Tech&Innovation

Animal’s Teeth Lead to a Scientific Discovery

Inside the teeth of a large mollusk, people have discovered a rare mineral, which had only ever before been found inside rocks. The mollusk is a creature called a chiton, which is found along rocky coastlines. 

The new discovery provides explanations for so many things that the chitons do which are thought to be biological marvels. The mineral, santabarbaraite allows the chiton to chew on rocks to find food. Because of this discovery, scientists have been able to 3D print a replica of the tooth, and use it as a foundation to create new durable, ultrahard materials. 

“This mineral has only been observed in geological specimens in very tiny amounts and has never before been seen in a biological context,” said Northwestern’s Derk Joester, the study’s senior author. “It has high water content, which makes it strong with low density. We think this might toughen the teeth without adding a lot of weight.”

An article published by Northwestern University explains more about the mineral and its uses. 

“One of the hardest known materials in nature, chiton teeth are attached to a soft, flexible, tongue-like radula, which scrapes over rocks to collect algae and other food. Having long studied chiton teeth, Joester and his team most recently turned to Cryptochiton stelleri, a giant, reddish-brown chiton that is sometimes affectionately referred to as the “wandering meatloaf.”
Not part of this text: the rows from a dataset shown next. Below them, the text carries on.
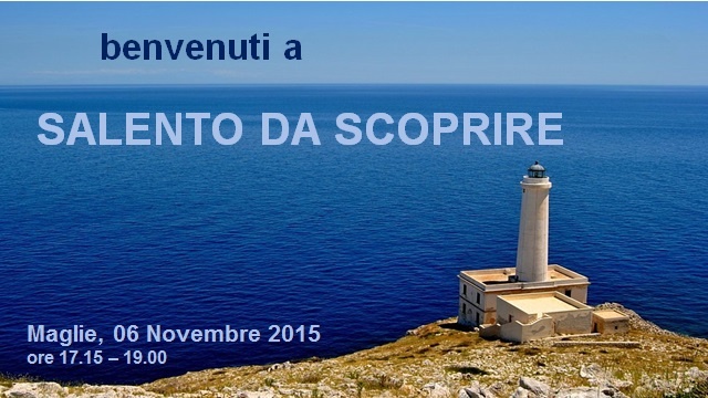presentano l’evento “Salento Da Scoprire” che si terrà Venerdì 06 Novembre 2015 dalle ore 17.15 alle ore 19.00 presso il Ristorante Corte Degli Archi in via Garibaldi n. 23 a Maglie.
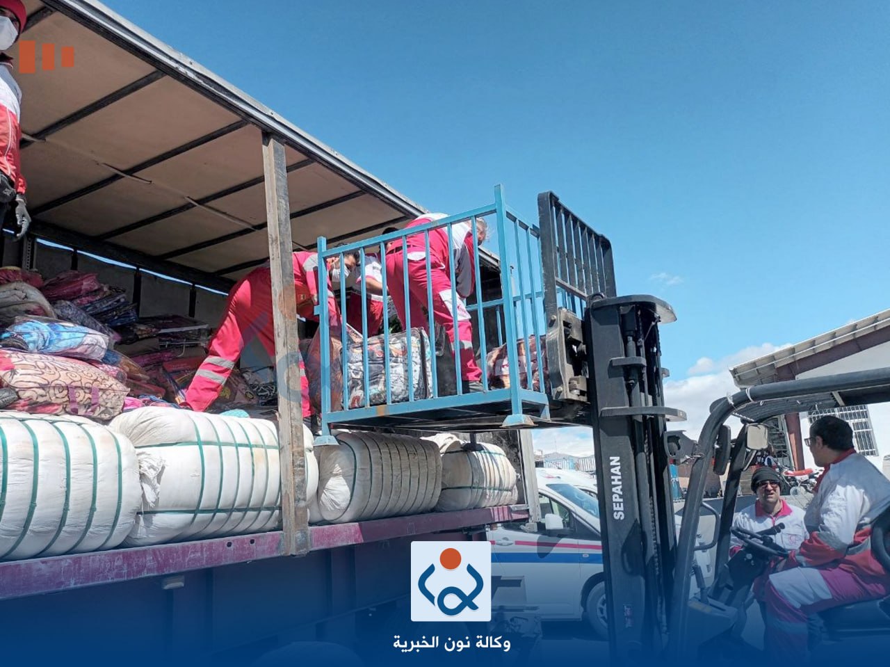 وقال معاون رئيس قسم العلاقات العامة في العتبة الحسينية المقدسة احمد حسن فهد في تصريح خص به وكالة نون الخبرية، ان "الوفد الاغاثي لبى نداء المرجعية الدينية المتمثلة بالسيد علي السيستاني في إغاثة الشعب الإيراني وبناء على توجيهات المتولي الشرعي للعتبة الحسينية المقدسة الشيخ عبد المهدي الكربلائي انطلقت قافلة المساعدات الطبية والاغاثية والعينية من مدينة كربلاء المقدسة الى الشعب الإيراني وعند منفذ مهران استقبلت جمعية الهلال الأحمر الإيراني القافلة وقدمت لها مختلف المساعدات التي سهلت مرورها في مدن إيرانية عدة لغاية وصولها الى العاصمة طهران وهي تحمل الأجهزة الطبية المعدات والمستلزمات الصحية واللوجستية، حتى وصلت الى مخازن جمعية الهلال الأحمر الإيراني ليتم تفريغها".
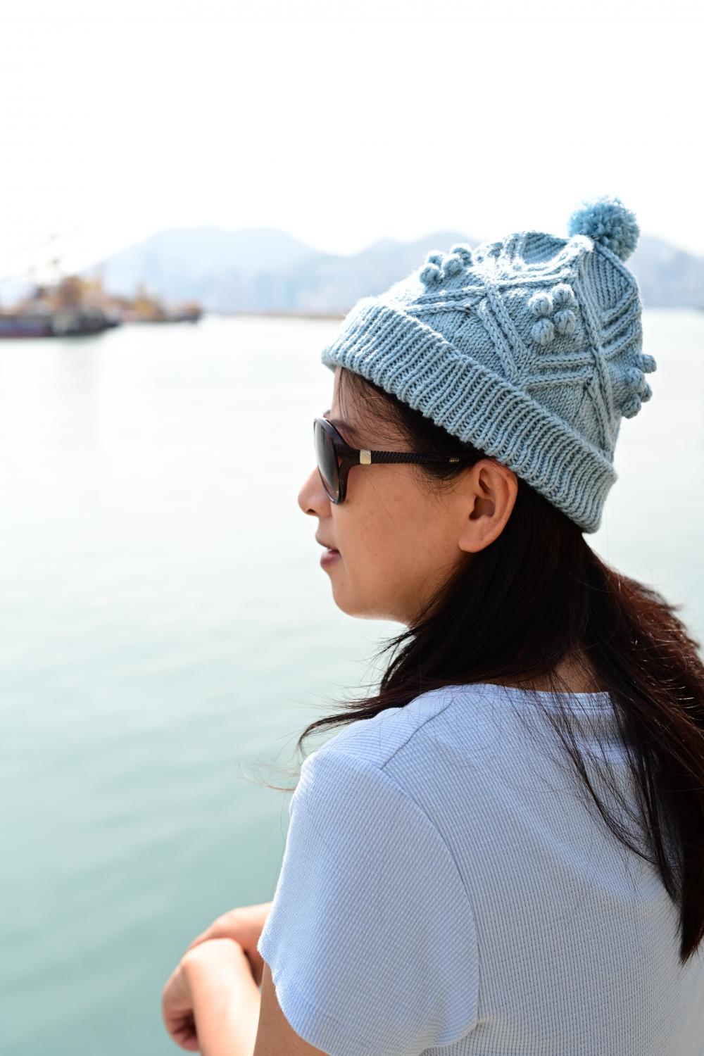 正午的海边,海水的颜色无法在镜头中真实呈现,帽子也是。
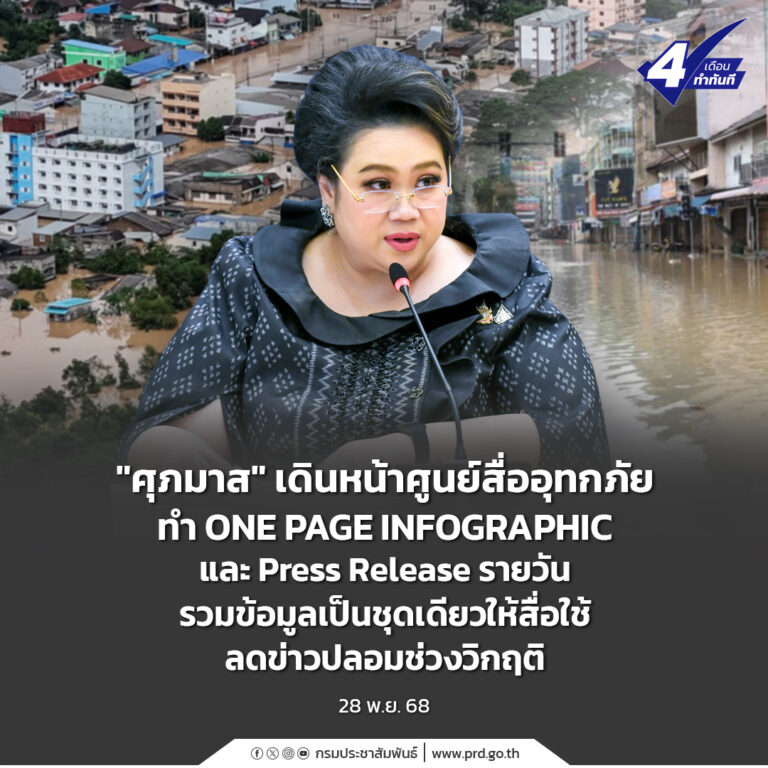 “ศุภมาส” เดินหน้าศูนย์สื่ออุทกภัย ทำ ONE PAGE INFOGRAPHIC และ Press Release รายวัน รวมข้อมูลเป็นชุดเดียวให้สื่อใช้ลดข่าวปลอมช่วงวิกฤต 28 พฤศจิกายน 2025 อ่านต่อ ...
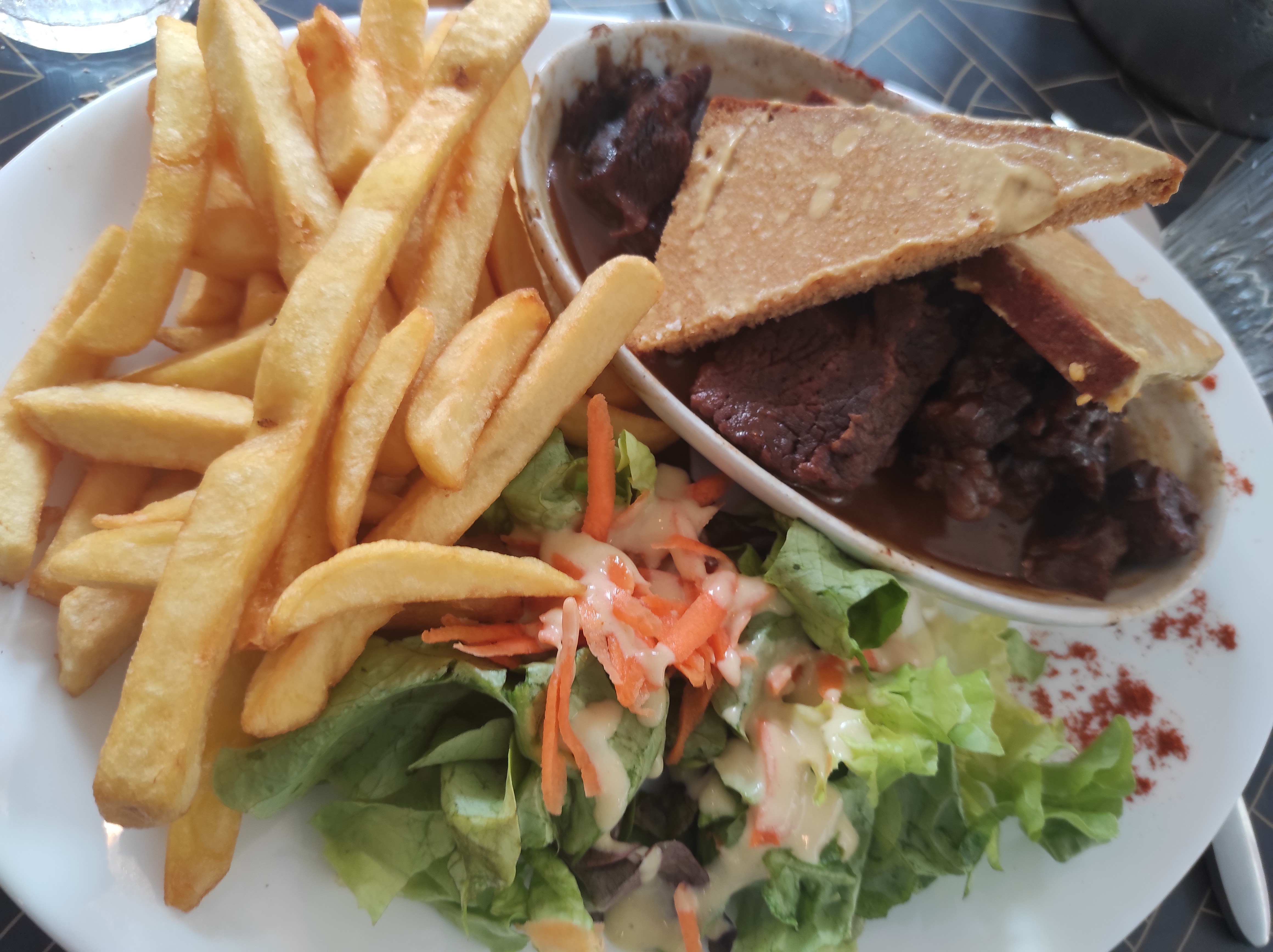 Un lieu qui ne paye pas forcément de mine, bien caché au fond de la place Jean Bart de Dunkerque mais dont l'accueil fut aussi doux et généreux que le régal de la dégustation d'une carbonade flamande maison comme on mange rarement des aussi bonnes !
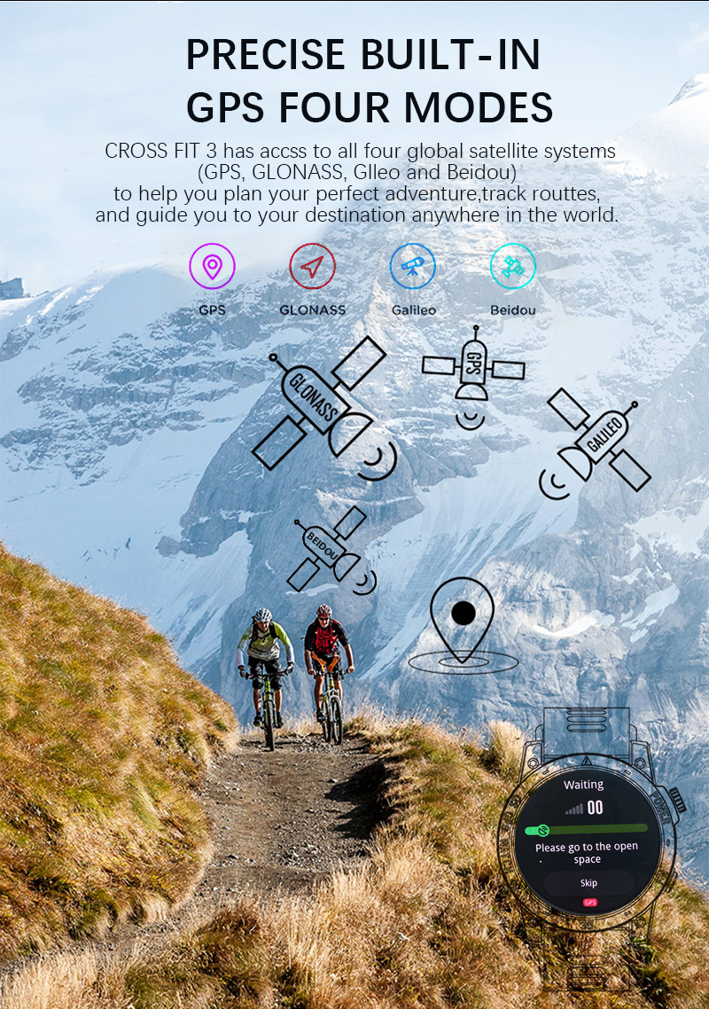 CROSS FIT 3 has accss to all four global satellite systems(GPS, GLONASS, Glleo and Beidou)to help you plan your perfect adventure,track routtesand guide you to your destination anywhere in the world.
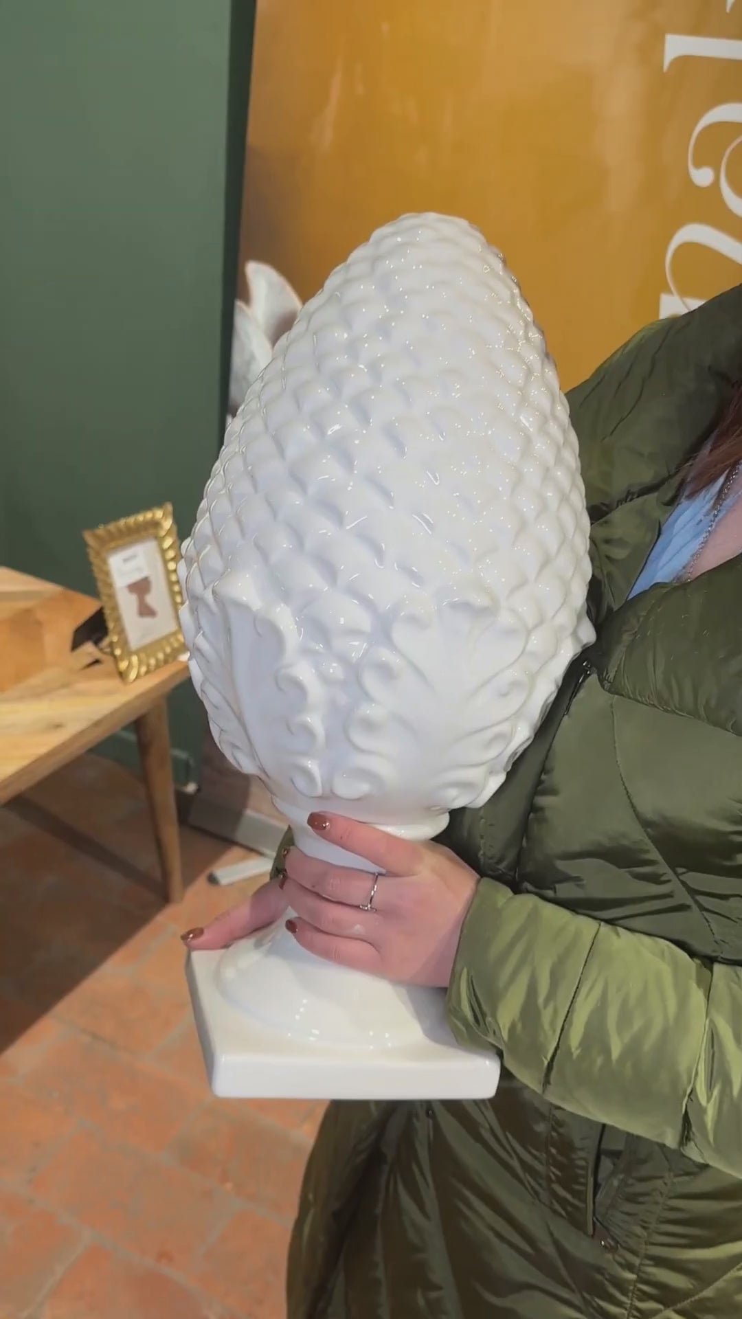Decorative White Ceramic Pine Cone – Handcrafted in Italy, 60 cm high
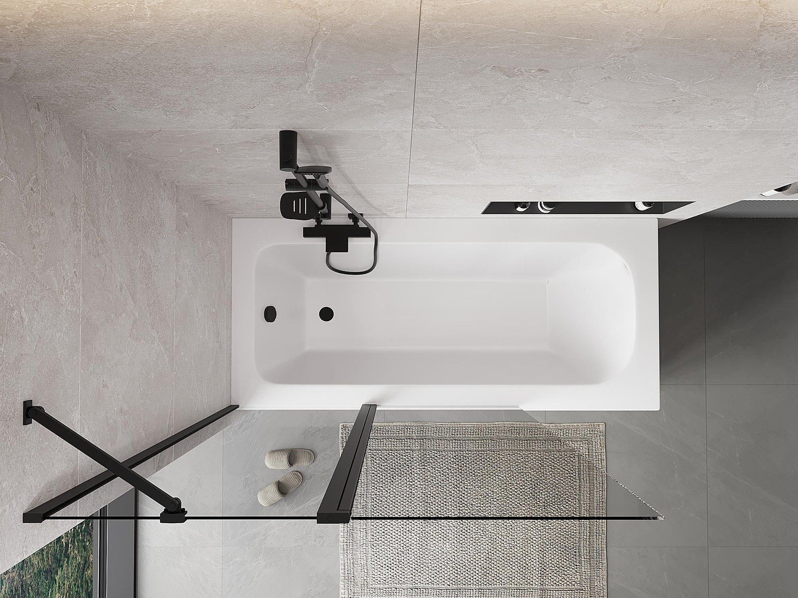 Két szárnyból készült paraván, amely összecsukható. Ez a megoldás több helyet takarít meg a fürdőszobában, és lehetővé teszi a fennmaradó tér szabad használatát, amikor nem használjuk a fürdőrészt.

To examine the tooth, the research team went to Argonne National Laboratory’s Advanced Photon Source for synchrotron spectroscopy, as well as transmission electron microscopy. The results showed that santabarbaraite was dispersed throughout the chiton’s upper stylus, which is a long, hollow structure that connects the head of the tooth to the radula membrane, which is flexible. 

“The stylus is like the root of a human tooth, which connects the cusp of our tooth to our jaw,” Joester said. “It’s a tough material composed of extremely small nanoparticles in a fibrous matrix made of biomacromolecules, similar to bones in our body.”

Later, the group attempted to recreate this mineral through 3D printing. Their endeavor was successful, and they were able to replicate the mineral in a matter of days, something that the chiton took millions of years to develop. The chiton tooth is a piece biological technology that we can use in the future.